• ASSIGNED TASK
Both ends included, restate word for word the lines from the first line of the listing through the line containing "Toprak tonlarının kemerli". Leave the pictures out.

• GIVEN INFORMATION
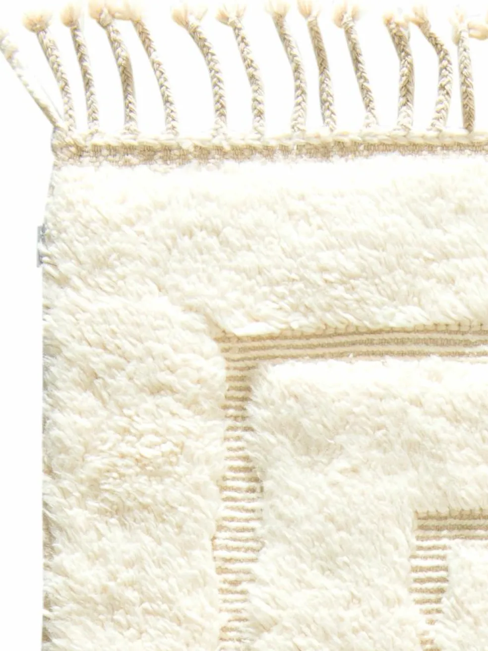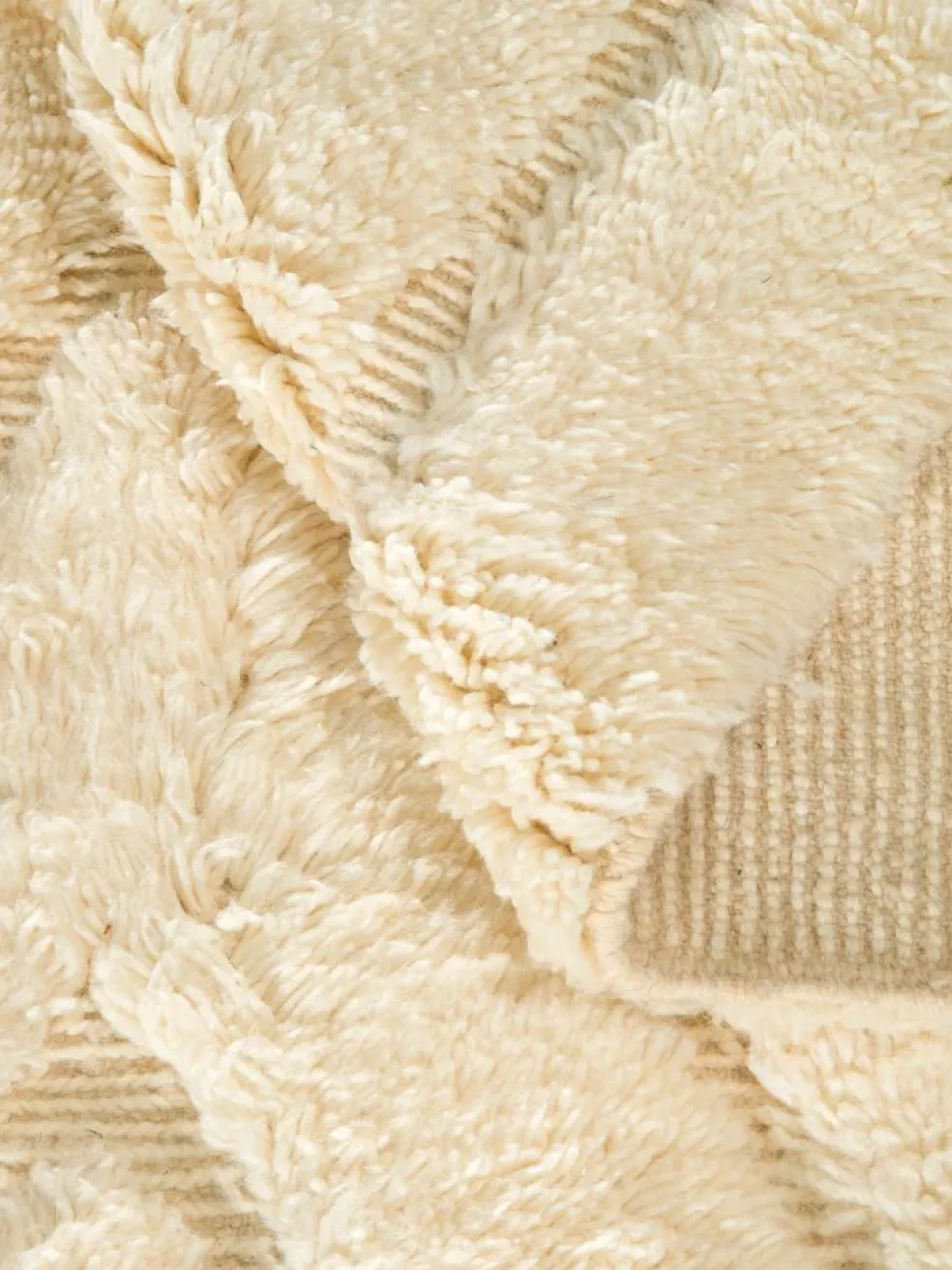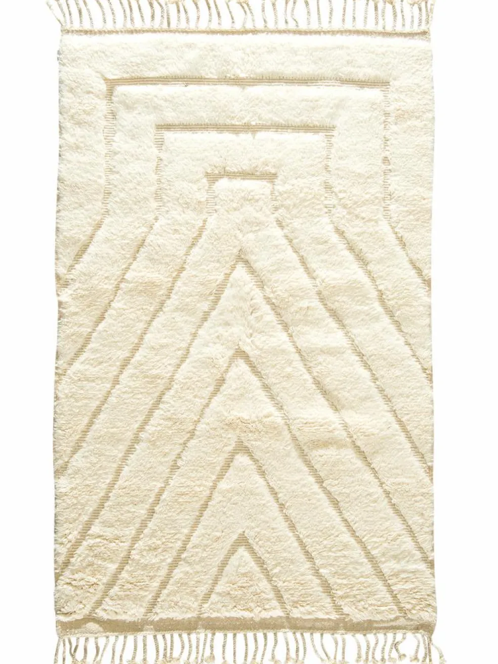 . Die Teppiche sind fast immer weißgrundig und zeichnen sich durch schwarze Zickzack-, Gitter- oder Rauten-Muster sowie einem wohnlich-zotteligen Flor aus. Kaum eine andere Teppichprovenienz passt mit ihren ursprünglichen nomadischen Designs besser in einen minimalistischen Wohnstil. Wie viele andere Nomadenteppiche auch, wurden dieBeni Ourain
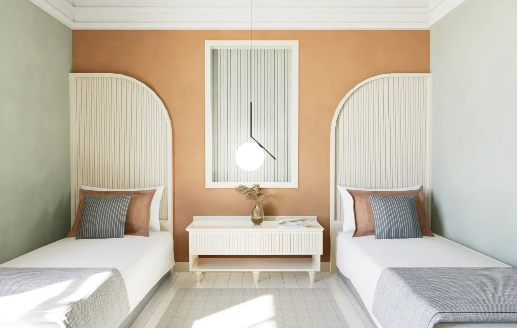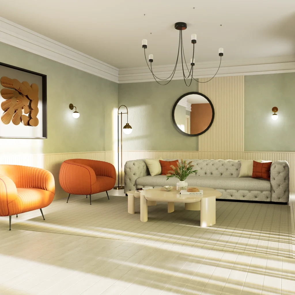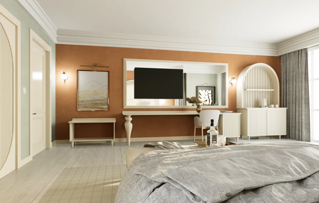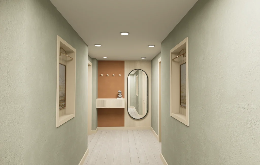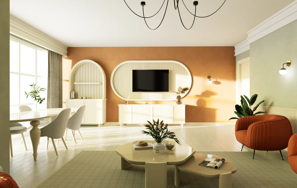 Toprak tonlarının kemerli formlar ve dikey yivli panellerle dengelendiği, yumuşak geçişlere sahip iç mekan tasarımı.
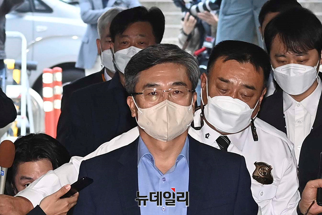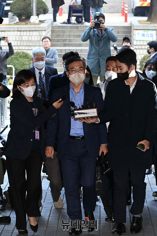 서해 공무원 피격 사건 관련 직권남용, 허위공문서작성, 공용전자기록손상 혐의를 받고 있는 서욱 전 국방부 장관이 21일 오전 서울 서초구 중앙지법에서 열린 구속 전 피의자심문(영장실질심사)에 출석하고 있다.
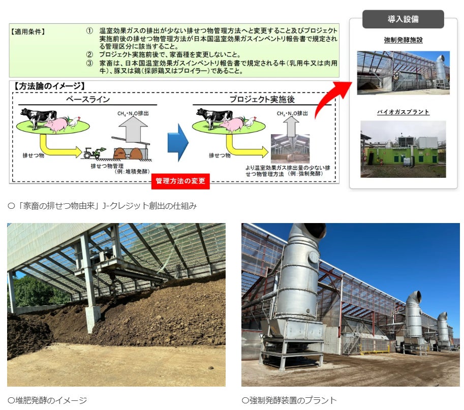 本取組みで使用するJ-クレジットの方法論は、「家畜排せつ物管理方法の変更(AG-002)」で、鶏・豚・牛の家畜の排せつ物の強制発酵設備を導入する事により発酵の速度を上昇させ、発酵の過程で発生するメタン(CH4)や一酸化二窒素(N2O)を削減し、削減分をJ-クレジットとして認証させる仕組みです。

• YOUR SOLUTION
 . Die Teppiche sind fast immer weißgrundig und zeichnen sich durch schwarze Zickzack-, Gitter- oder Rauten-Muster sowie einem wohnlich-zotteligen Flor aus. Kaum eine andere Teppichprovenienz passt mit ihren ursprünglichen nomadischen Designs besser in einen minimalistischen Wohnstil. Wie viele andere Nomadenteppiche auch, wurden dieBeni Ourain
 Toprak tonlarının kemerli formlar ve dikey yivli panellerle dengelendiği, yumuşak geçişlere sahip iç mekan tasarımı.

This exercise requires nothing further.